On Wednesday, the High Court handed down a landmark decision that confirmed parentage rights to a man who donated his sperm to a woman who wanted to have a child.
The ruling could impact thousands of couples and single women whose children were conceived with known sperm donors.
It could also significantly impact the relationship between Commonwealth and state laws on parental matters in situations where children are born via artificial conception.
The facts of the case
Robert Masson and Susan Parsons (their court pseudonyms) had been friends for decades before deciding to “privately and informally” conceive a child in December 2006.
According to court documents, Masson was involved in the girl’s life from birth and developed a close relationship with her, including overnight visits and attending school performances. Masson was listed as the father on the girl’s birth certificate, and she refers to him as “Daddy.”
After the girl was born, Parsons had a second child with her partner, who is not biologically related to Masson. In 2015, Parsons married her partner in New Zealand and wanted to relocate there permanently with the two children.
Masson took legal action to prevent the women from moving, a move that would have effectively separated him from his biological daughter.
Legal parentage considered in family court
In 2017, Justice Margaret Cleary of the family court prevented the mothers from relocating to New Zealand, ruling that Masson was the father of the girl based on a section of the Commonwealth Family Law Act 1975 that deals with the parentage of children born via artificial conception procedures.
In her ruling, Cleary gave weight to Masson’s intentions when the girl was conceived and his subsequent involvement in her life.
On appeal, the mothers argued that Cleary failed to consider a section of the NSW Children Act 1996 which states:
If a woman (whether married or unmarried) becomes pregnant by means of a fertilisation procedure using any sperm obtained from a man who is not her husband, that man is presumed not to be the father of any child born as a result of the pregnancy.
This section goes on to state that this presumption is irrebuttable.
The full family court agreed with this argument and found that this section of the state act must be applied when questions of parentage arise in a federal court.
As a consequence, Masson was presumed not to be the legal parent. The court also rejected the notion that a child can have more than two parents.
Masson filed an appeal to the High Court earlier this year. In an unusual step, both the Commonwealth and Victorian attorneys-general filed notices of intervention to argue which laws they believed should apply when determining parentage rights in sperm donor cases. (Victoria intervened because it had an interest in making sure state law was applied, even though the case originated in NSW.)

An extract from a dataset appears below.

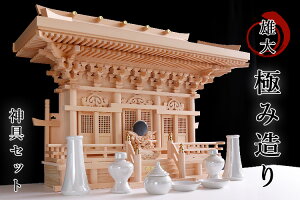 商品詳細 神々を壮大に祀る 彫刻をちりばめた、神棚 風神雷神と双龍の彫刻、天界の神々をイメージした美しく壮大なお社です。桧ではなく、年輪・木目がほとんど無い淡い単色のヒバ材で作られたお社。清楚で上品、工芸品のような趣き...
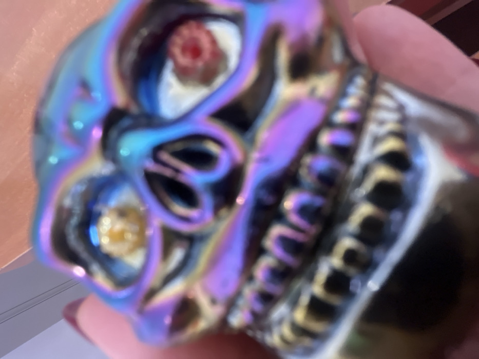 A blurry, close-up of a metallic, iridescent skull object held in someone's hand

Can a sperm donor be a legal parent?
In this week’s ruling, a majority of the High Court found there was no reason to doubt Cleary’s conclusion that Masson was, in fact, a parent of the child.
The court concluded that the federal act’s definition of a parent was not exhaustive, and
the question of whether a person is a parent of a child born of an artificial conception procedure depends on whether the person is a parent of the child according to the ordinary, accepted English meaning of ‘parent’.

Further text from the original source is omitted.